Tips to help you sleep as temperatures soar across East Anglia
PUBLISHED: 09:00 03 July 2018 | UPDATED: 09:53 03 July 2018
It’s been one of the hottest and driest Junes on record and the soaring temperatures are forecast to continue across East Anglia.
Last week, temperatures reached almost 30C in some parts of Suffolk and Norfolk, although it was slightly cooler nearer the coast, and highs of up to 27C are predicted in some parts of the region in the coming days.
But while the weather has been great for barbecues and trips to the beach, it’s not so good when it comes to sleeping.
Heat can cause unsettled nights and disturbed sleep, leaving many of us tossing and turning in bed, drenched in perspiration as the sweltering temperatures make it too uncomfortable to relax and drift off to sleep.
Research suggests that the optimum temperature for sleep is around 17C, but if you’re not lucky enough to have air conditioning and can’t get your bedroom to a cool temperature, there’s no reason to continue to lie awake in discomfort.
Try these tips to help you get the restful night’s sleep we all need for wellbeing:
1. Keep blinds, shutters and curtains closed. A room that has been drenched in sunlight all day can become an oven during the summertime. Blocking out the sunshine and heat results in a cooler atmosphere when it’s time for bed, say the makers of herbal sleep remedy Kalms Night.

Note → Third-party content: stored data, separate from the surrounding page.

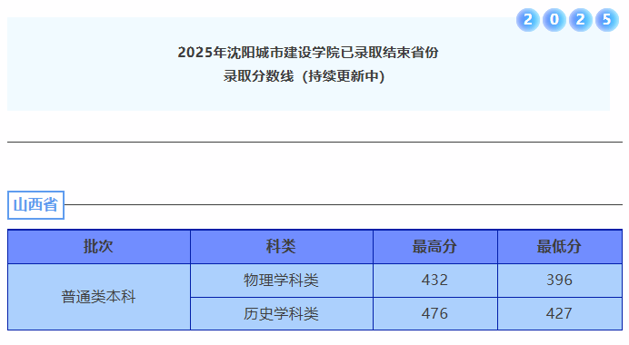 沈阳城市建设学院2025年招生录取进程(8月8日)
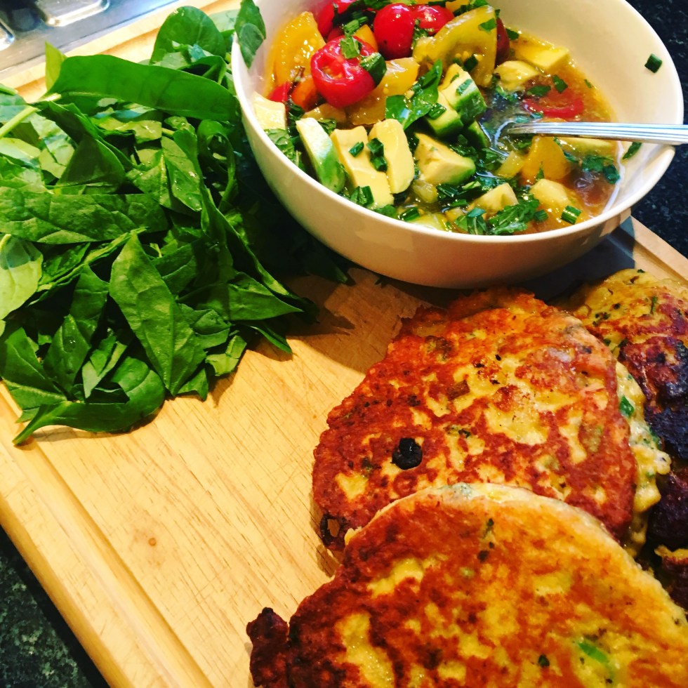 Salmon and Potato Cakes with Tomato and Avocado Salad
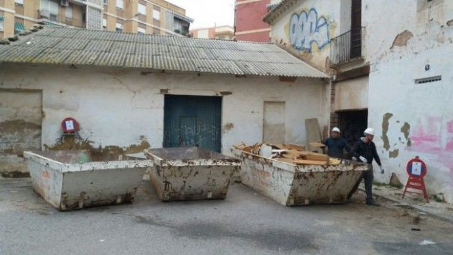 Las obras que acaba de iniciar el Ayuntamiento se centran en una primera fase en la limpieza del entorno, el desescombro manual, el desmontaje de elementos inestables y los apuntalamientos necesarios. Estos trabajos incluyen el desmontaje del falso techo de cañizo y el tapado de huecos para evitar la entrada de palomas al interior de las alquerías.
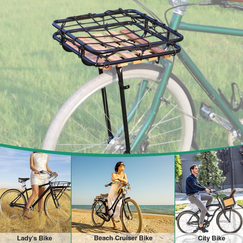 MAKELEN Heavy Duty Front Bicycle Basket Steel with Anti-Drop Net for 26 inch City Bike Beach Bike Black
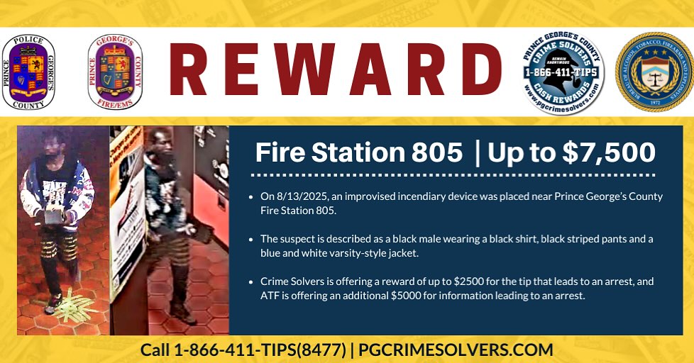 The Prince George’s County Police Department, in conjunction with the Office of the Fire Marshal for Prince George’s County and the Bureau of Alcohol, Tobacco, Firearms, and Explosives, is investigating an improvised incendiary device that was placed near Fire Station 805 in Capitol Heights on August 13, 2025, at approximately 8:00 a.m.
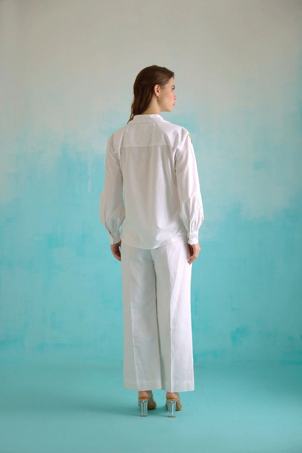 A dazzling fusion of sophistication and vibrancy. Crafted from pristine white fabric, this shirt features intricate hand embroidery adorned with sparkling red sequins, creating a captivating and glamorous look. The upbeat design exudes energy and charm, making it perfect for special occasions or adding a pop of excitement to your everyday wardrobe. Pair it with tailored trousers for a chic ensemble or with denim for a more relaxed yet stylish look.
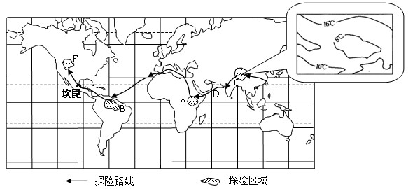 1、综合题 我国某校"环球探险社团"在暑期进行了网上模拟探险活动,下图表示探险区域和探险路线,读图回答下列各题。
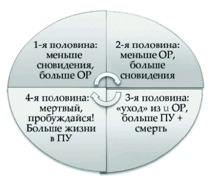 Я говорю о четырех половинах, но они не всегда следуют друг за другом в линейном развертывании. Вспомните наше обсуждение сновидений смерти в главе 6. По моему опыту, сны, в которых вы действительно умираете, редко означают, что вы скоро умрете (хотя вы можете оказаться именно тем человеком, для которого это утверждение не является верным).
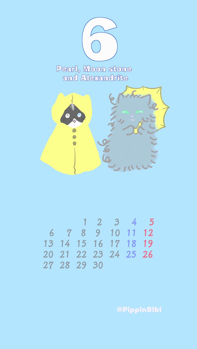 誕生石と猫のカレンダー6月分です 6月は真珠、ムーンストーン、アレキサンドライトの3つだそうです✨ 私的使用の範囲でしたらご自由にお使いください #カレンダー #イラスト #待ち受け

2. Put on a fan and open a window. Try popping a bowl of ice cubes in front of a fan – it will pick up the cold moisture as the ice melts, and circulate that instead. The cool air will leave you feeling less agitated, and make it easier to drop off. Invest in ear plugs if you’re worried about outdoor noise disturbing you.
3. Repurpose a winter staple, advises independent sleep expert Dr Neil Stanley. A hot water bottle may seem like the last thing you need to help you get through the hot summer nights, but what if your hot water bottle became a cold water bottle? “Filling your hot water bottle with cold water and leaving it in the freezer for a while before placing between your bedsheets is a quick and extremely effective way to cool your bed down ensuring the sheets feel fresh and cool against your skin,” he says.
4. Switch off screens. “Screen time should end ideally at least 25 minutes before sleep,” says Dr Stanley. “Blue light is known to suppress the release of melatonin, which is the body’s signal that it’s time for sleep. Therefore, using screens before bed will disrupt sleep. Research shows that nearly one in five of us check social media before going to bed, so try and put your phone, laptop or tablet down.”
5. Take a cool shower before bed. But not too cool; a really cold shower can have the adverse effect, and actually leave you feeling more awake, say the experts at Kalms Night.
6. Exercise during the day. The light evenings and warm weather leave you with no excuse to miss that evening run or bike ride. Tire yourself out more during the day, and you’ll sleep better at night.
7. Don’t eat dinner too close to slumber-time. Eating a large meal right before bedtime kicks your metabolic system into digesting calories – and expended energy raises your core body temperature. Aim to leave at least two hours between eating and sleeping, says Kalms Night.
8. Choose cotton – make sure your pyjamas and bed linen are made from cotton, a lightweight and breathable fabric which promotes air flow
9. Sip water. Have a glass of iced water nearby to sip on as needed – don’t drink a full glass just before bed though as this can lead to multiple loo trips throughout the night. By the same token, says Dr Stanley, lay off the booze. It can be all too easy when the sun is out to stay out that little bit longer, and indulge in one too many drinks. “Alcohol can leave you feeling dehydrated, which exacerbates many of the worst elements of overheating. Limiting your alcohol intake, and particularly not consuming alcohol right before bedtime are important to ensuring you can get a good night’s sleep.”
10. Try a traditional herbal remedy. Valerian root extract has been used for centuries as a trusted sleep aid due to its herbal sedative effect. Lavender drops on the pillow may also aid sleep.
And if all else fails? Take solace in the fact that good weather rarely lasts here in the UK.